» Data provided
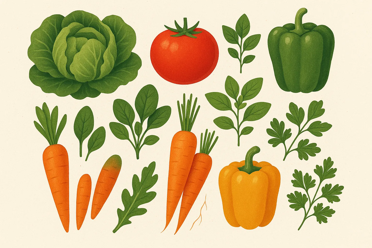 Leafy greens, tomatoes, beans, peppers, and herbs thrive. Root crops like carrots prefer cooler months.
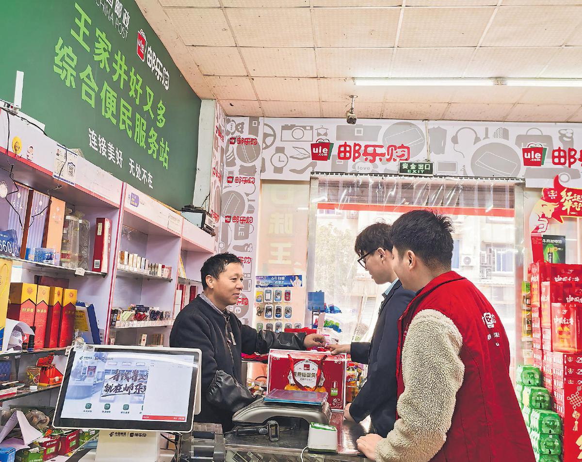 諸暨郵政網(wǎng)點(diǎn)管理人員在王家井好又多綜合便民服務(wù)站巡店,并與掌柜交流業(yè)務(wù)開(kāi)展情況。
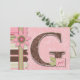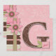 G monogram with girl tag and dot ribbon and scalloped trim binding edge with novelty trims and applique-look flower with button.
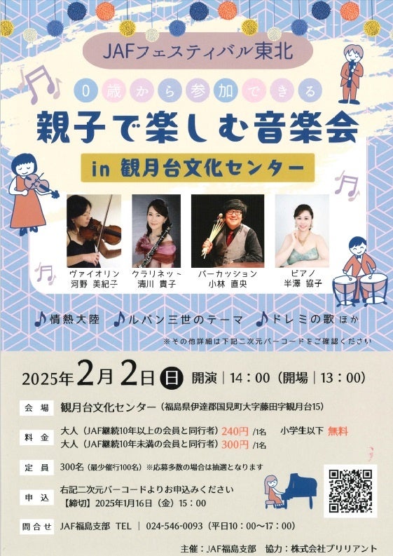 JAF(一般社団法人日本自動車連盟)東北本部(本部長 渡辺 広章)は、2025年2月2日(日)に観月台文化センター(福島県伊達郡国見町)で『JAFフェスティバル東北「0歳から参加できる 親子で楽しむ音楽会」in 観月台文化センター』を開催します。
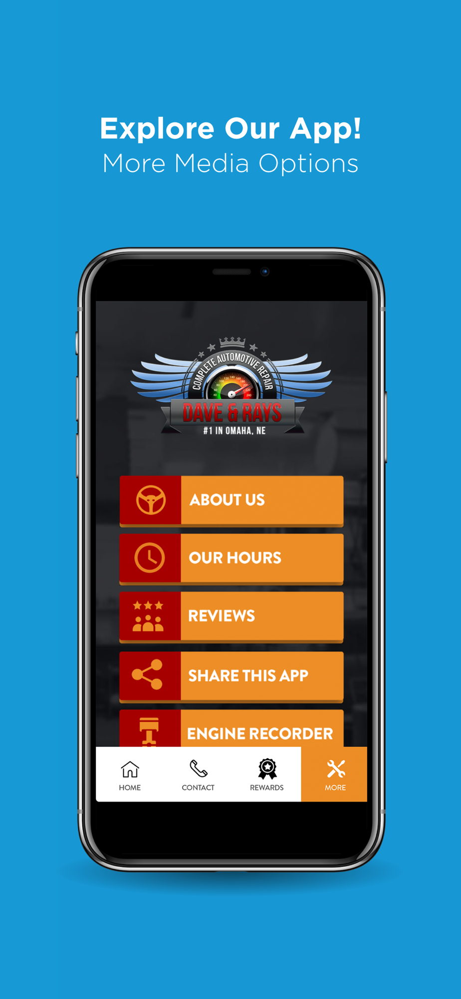 Our app gives app users access to special app only coupons and loyalty rewards. Our app also allows users to call, text, email, send images, send sound recordings, scheduled appointments, and get directions to our shop all at the click of a button. Best of all the Dave & Ray's Complete Automotive Repair app helps keep our customers cars running strong by reminding them when it is time to come in for routine maintenance. Download our app today to take advantage of savings and convenience only offered by Dave & Ray's Complete Automotive Repair. Don't forget to share the app with your friends so they can save time and money also!
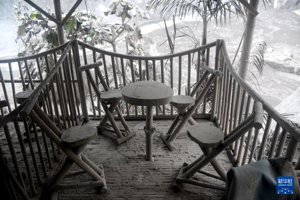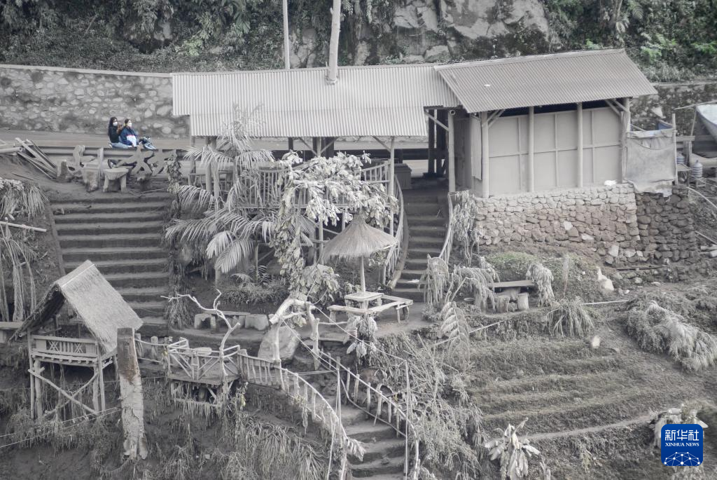 这是11月21日在印度尼西亚东爪哇省拍摄的被火山灰覆盖的村庄。
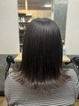 ブリーチなしでも、少し明るくなるように1トーン上げたカラーです。外ハネにしやすいように、毛先をぼかしました。
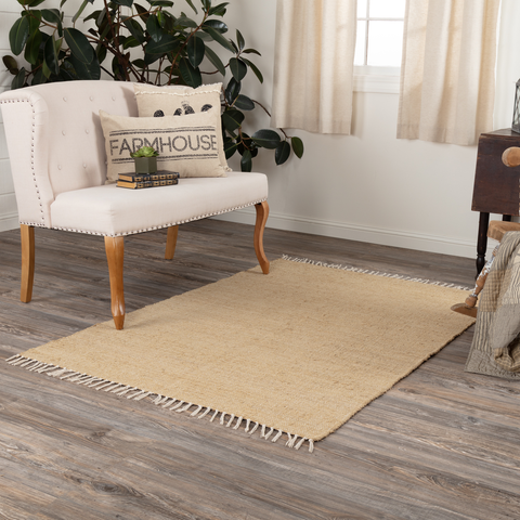 Upcycle your style with the all-cotton area Burlap Natural Chindi Rag Rug . We use leftover burlap "chindi" pieces, twisted and braided, for a neutral eco-friendly rug with variations in the colors of the burlap giving textural interest. Bound with creme cotton threads which are also the tassels seen on each short end.
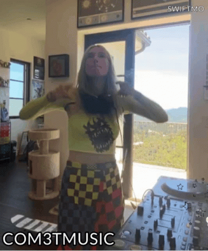 Content Description: a woman wearing headphones is standing in front of a mixer and the words com3tmusic are on the bottom
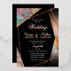 A modern wedding invitation with an elegant geometric frame in shimmery rose gold foil. The main colour theme is black with opal and faux glitter accents. Rose gold foil adorns the main details and the geometric frame with the rest of the text white. Calligraphy script adds a touch of glamour and luxury.

» Task brief
Drop the images and copy all the data exactly.

» Answer to this task
 Leafy greens, tomatoes, beans, peppers, and herbs thrive. Root crops like carrots prefer cooler months.
 諸暨郵政網(wǎng)點(diǎn)管理人員在王家井好又多綜合便民服務(wù)站巡店,并與掌柜交流業(yè)務(wù)開(kāi)展情況。
 G monogram with girl tag and dot ribbon and scalloped trim binding edge with novelty trims and applique-look flower with button.
 JAF(一般社団法人日本自動車連盟)東北本部(本部長 渡辺 広章)は、2025年2月2日(日)に観月台文化センター(福島県伊達郡国見町)で『JAFフェスティバル東北「0歳から参加できる 親子で楽しむ音楽会」in 観月台文化センター』を開催します。
 Our app gives app users access to special app only coupons and loyalty rewards. Our app also allows users to call, text, email, send images, send sound recordings, scheduled appointments, and get directions to our shop all at the click of a button. Best of all the Dave & Ray's Complete Automotive Repair app helps keep our customers cars running strong by reminding them when it is time to come in for routine maintenance. Download our app today to take advantage of savings and convenience only offered by Dave & Ray's Complete Automotive Repair. Don't forget to share the app with your friends so they can save time and money also!
 这是11月21日在印度尼西亚东爪哇省拍摄的被火山灰覆盖的村庄。
 ブリーチなしでも、少し明るくなるように1トーン上げたカラーです。外ハネにしやすいように、毛先をぼかしました。
 Upcycle your style with the all-cotton area Burlap Natural Chindi Rag Rug . We use leftover burlap "chindi" pieces, twisted and braided, for a neutral eco-friendly rug with variations in the colors of the burlap giving textural interest. Bound with creme cotton threads which are also the tassels seen on each short end.
 Content Description: a woman wearing headphones is standing in front of a mixer and the words com3tmusic are on the bottom
 A modern wedding invitation with an elegant geometric frame in shimmery rose gold foil. The main colour theme is black with opal and faux glitter accents. Rose gold foil adorns the main details and the geometric frame with the rest of the text white. Calligraphy script adds a touch of glamour and luxury.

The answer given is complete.